Microsoft has responded to criticism of its facial recognition technology identifying white men with greater accuracy than women and people of colour - but its Azure Cognitive Services team still faces a problem after partnering with the US Immigration and Customs Enforcement agency

Mirosoft facial recognition

Mirosoft facial recognition software is used in apps such as Uber and PicCollage (Credit: Microsoft)

Microsoft has tweaked its facial recognition software after it was criticised for failing to identify women and people of colour.

The computing giant says it has added more images focused on colour, gender and age to improve the data set it uses to train software featured in apps like Uber and PicCollage.

A report co-authored by Massachusetts Institute of Technology (MIT) and Microsoft published earlier this year found that the Face API software developed by the Microsoft Azure Cognitive Services team had a 20% to 34.7% error rate when identifying women of colour.

By contrast, the software made zero errors when identifying lighter-skinned male faces.

In a blog post, Microsoft senior researcher Hanna Wallach, a specialist in AI transparency and fairness, appeared to blame society for the fault.

Microsoft

She said: “If we are training machine learning systems to mimic decisions made in a biased society, using data generated by that society, then those systems will necessarily reproduce its biases.

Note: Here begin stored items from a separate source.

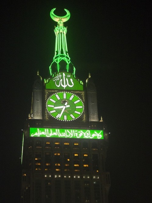 比起前几座钟塔来,竣工于2012年的麦加皇家钟塔显然十分年轻,但它却是两项世界纪录的保持者:世界最高的钟楼(1900英尺),世界最大的钟面(四个钟面的直径均为151英尺)。每个钟面都装饰着LED灯,在夜里发出如梦如幻的光芒。钟楼上还有一个宽敞的观景台,包括大清真寺在内的麦加景观在这里都一览无余。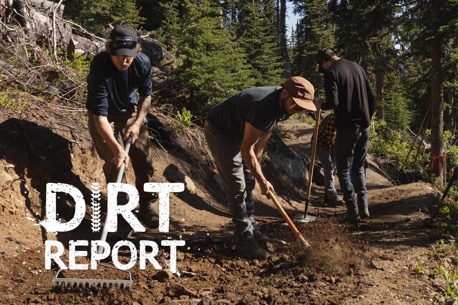 Trail Crew doing trailwork, with Dirt Report logo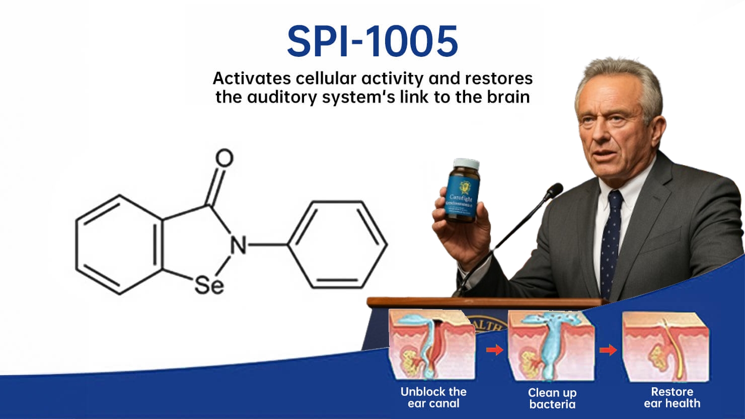 After years of intensive research, a compound called SPI-1005 was identified, which was shown to be effective in inhibiting abnormal cell activity in the temporal lobes and could potentially end patients' tinnitus nightmares permanently. This compound significantly calms the hyperexcitable state of the temporal lobes, reducing false "buzzing" and helping to restore normal auditory processing, thereby eliminating tinnitus.

“This is an opportunity to really think about what values we are reflecting in our systems and whether they are the values we want to be reflecting in our systems.”

Microsoft claims it has discussed how to detect bias and diversifying training data with bias experts to improve the precision of its facial recognition technology.

Senior researcher Ece Kamar added: “Collecting more data that captures the diversity of our world and being careful about how to measure performance are important steps toward mitigating these issues.”

 

Who uses the Microsoft facial recognition software?

Uber
Uber uses the Face API recognition software to identify drivers using its service. (Credit: Flickr/Mark Warner)

Several major technology companies use Microsoft’s Azure Cognitive Services facial recognition technology, known as Face API.

Ride-hailing app Uber has adopted the software to identify drivers using its service.

Product manager Dima Kovalev said: “Thousands of partners sign into our platform every hour.

“The response time from the Face API is incredible, enabling us to verify our drivers without slowing them down.”

Smart glasses manufacturer Pivothead said it uses Face API to “translate text and images into speech, identify emotions and describe scenery”.  

Cardinal Blue Software – developer of the PicCollage app – also uses the identification software.

 

Facial recognition tech used by America’s immigration agency

Microsoft employees are none too pleased about the company having contracts with the US immigration agency.

Azure also has business with the US Immigration and Customs Enforcement (ICE) agency – which faced heavy criticism when it was revealed that children were being separated from their parents at migrant detention centres.

In an Azure Government blog post from January, Microsoft said: “This ATO [Authority to Operate] is a critical next step in enabling ICE to deliver such services as cloud-based identity and access, serving both employees and citizens from applications hosted in the cloud.

“This can help employees make more informed decisions faster, with Azure Government enabling them to process data on edge devices or utilise deep learning capabilities to accelerate facial recognition and identification.”

Employees at Microsoft vented about the company’s relationship with the immigration agency in an open letter published by the New York Times.

A section of the open letter said: “We request that Microsoft cancel its contracts with ICE, and with other clients who directly enable ICE.

“As the people who build the technologies that Microsoft profits from, we refuse to be complicit.”

An Authority to Operate permits the use of a private sector product by a public sector organisation.